* TASK DIRECTIONS: Your job is to give again, exactly and with no additions, the lines in the records below from the one with "Склад: ізомальтосахариди, какао" through the one with "Die Grundfarbe ist", both included. Omit the pictures.

* DATA RECORDS:
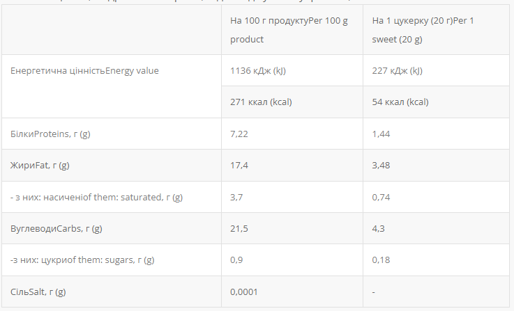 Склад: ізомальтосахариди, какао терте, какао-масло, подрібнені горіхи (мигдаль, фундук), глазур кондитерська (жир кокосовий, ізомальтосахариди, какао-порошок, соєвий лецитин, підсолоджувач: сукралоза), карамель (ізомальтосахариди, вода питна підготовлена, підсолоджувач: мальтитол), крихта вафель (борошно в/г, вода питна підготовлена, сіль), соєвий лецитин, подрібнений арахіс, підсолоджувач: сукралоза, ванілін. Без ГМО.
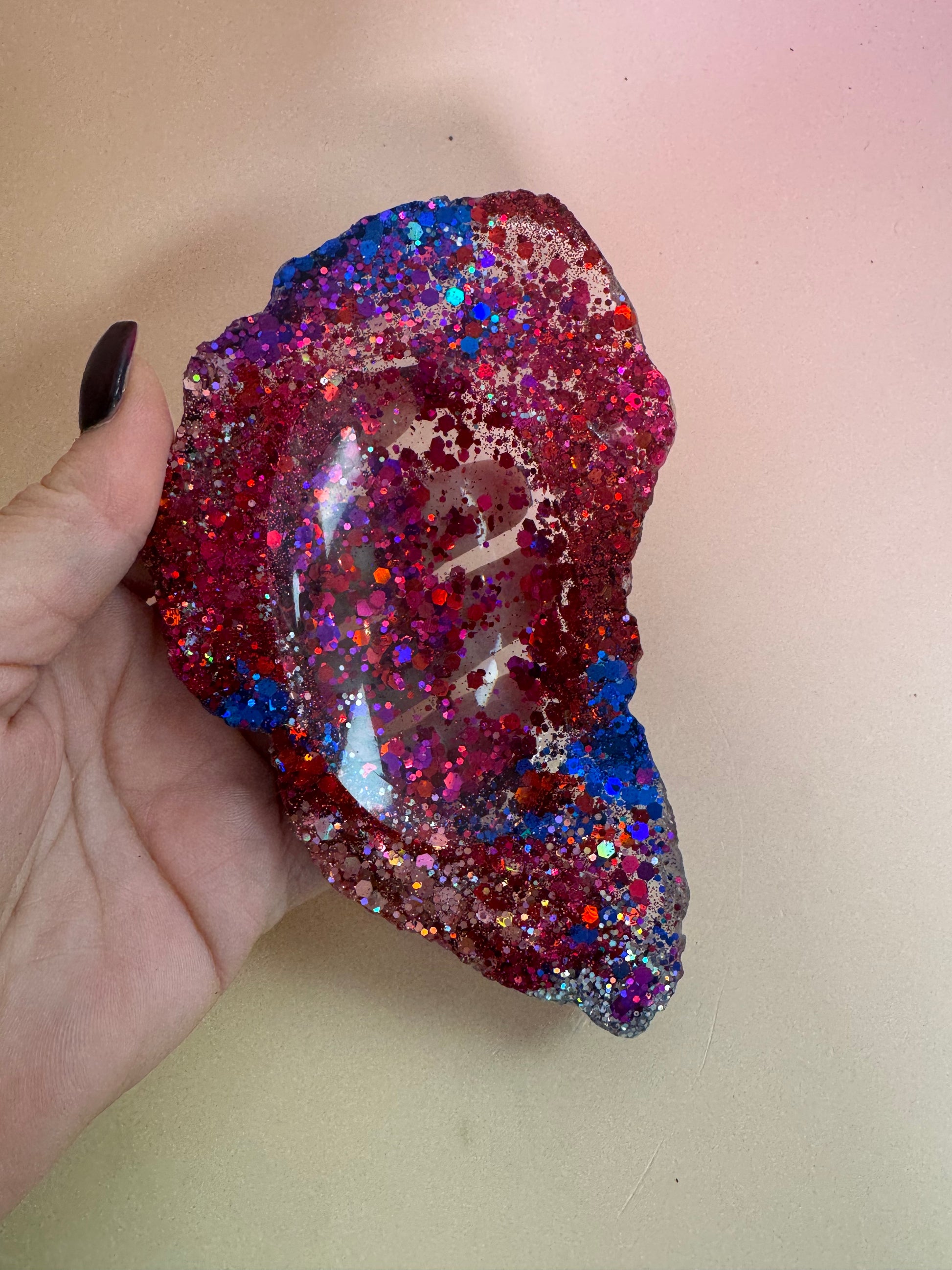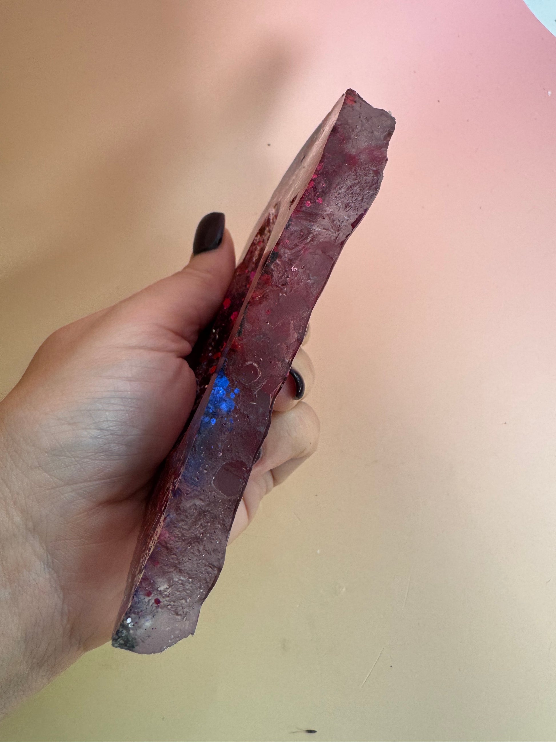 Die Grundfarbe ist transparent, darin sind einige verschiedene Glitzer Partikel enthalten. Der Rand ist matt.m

--

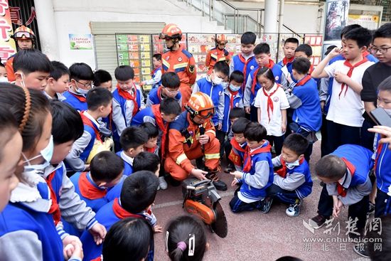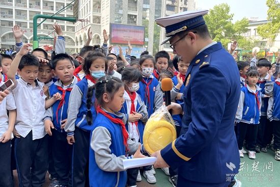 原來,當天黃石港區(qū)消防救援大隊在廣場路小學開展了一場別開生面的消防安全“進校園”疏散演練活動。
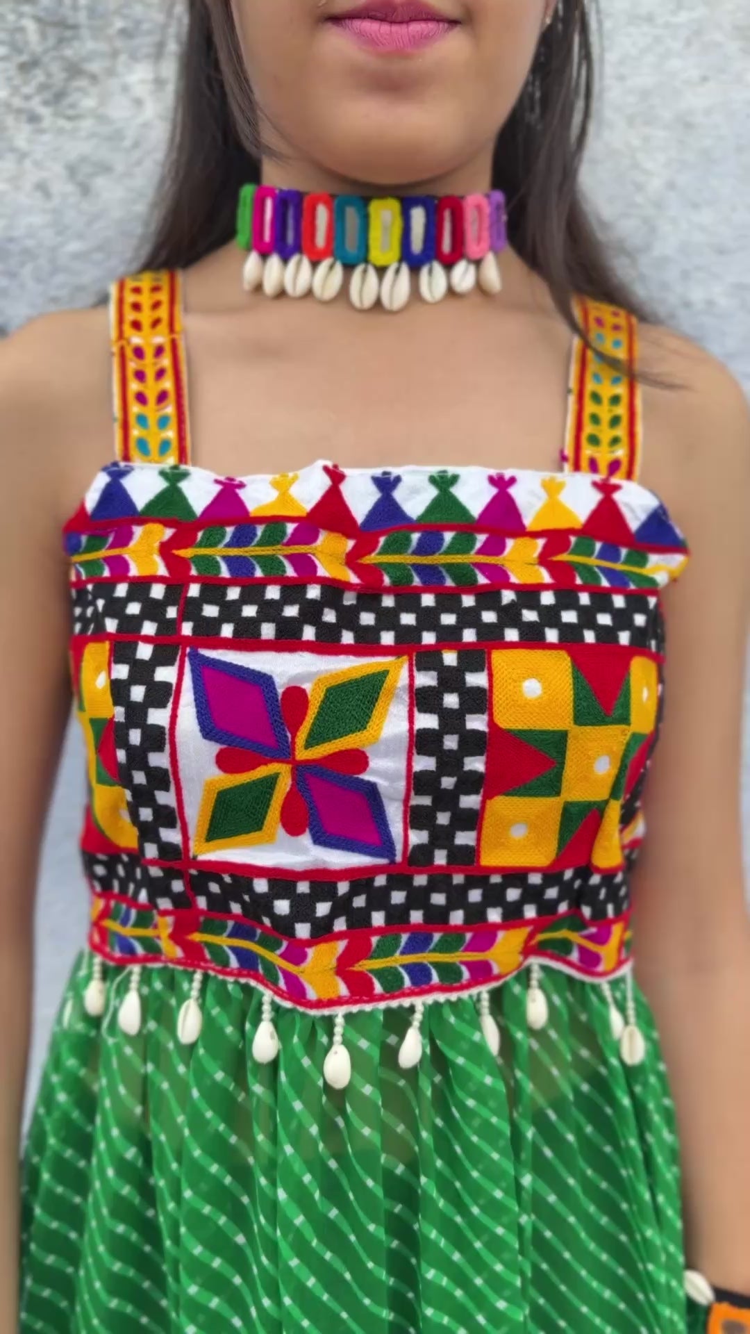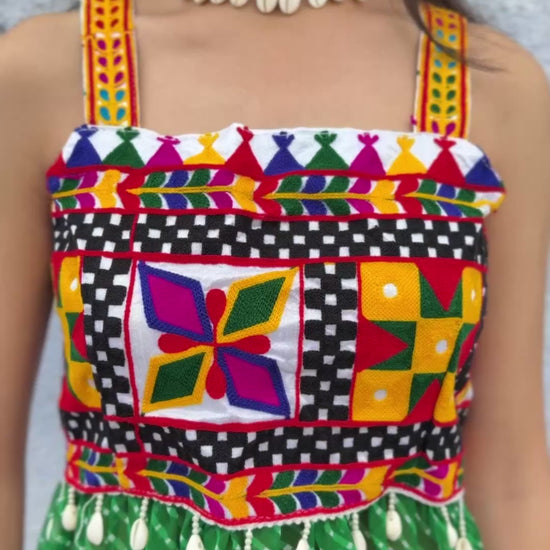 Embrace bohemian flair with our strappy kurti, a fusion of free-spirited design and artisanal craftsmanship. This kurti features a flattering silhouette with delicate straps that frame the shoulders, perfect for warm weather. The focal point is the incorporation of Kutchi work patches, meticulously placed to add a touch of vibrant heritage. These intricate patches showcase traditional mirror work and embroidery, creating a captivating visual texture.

* RESPONSE TO THIS TASK:
 Склад: ізомальтосахариди, какао терте, какао-масло, подрібнені горіхи (мигдаль, фундук), глазур кондитерська (жир кокосовий, ізомальтосахариди, какао-порошок, соєвий лецитин, підсолоджувач: сукралоза), карамель (ізомальтосахариди, вода питна підготовлена, підсолоджувач: мальтитол), крихта вафель (борошно в/г, вода питна підготовлена, сіль), соєвий лецитин, подрібнений арахіс, підсолоджувач: сукралоза, ванілін. Без ГМО.
 Die Grundfarbe ist transparent, darin sind einige verschiedene Glitzer Partikel enthalten. Der Rand ist matt.m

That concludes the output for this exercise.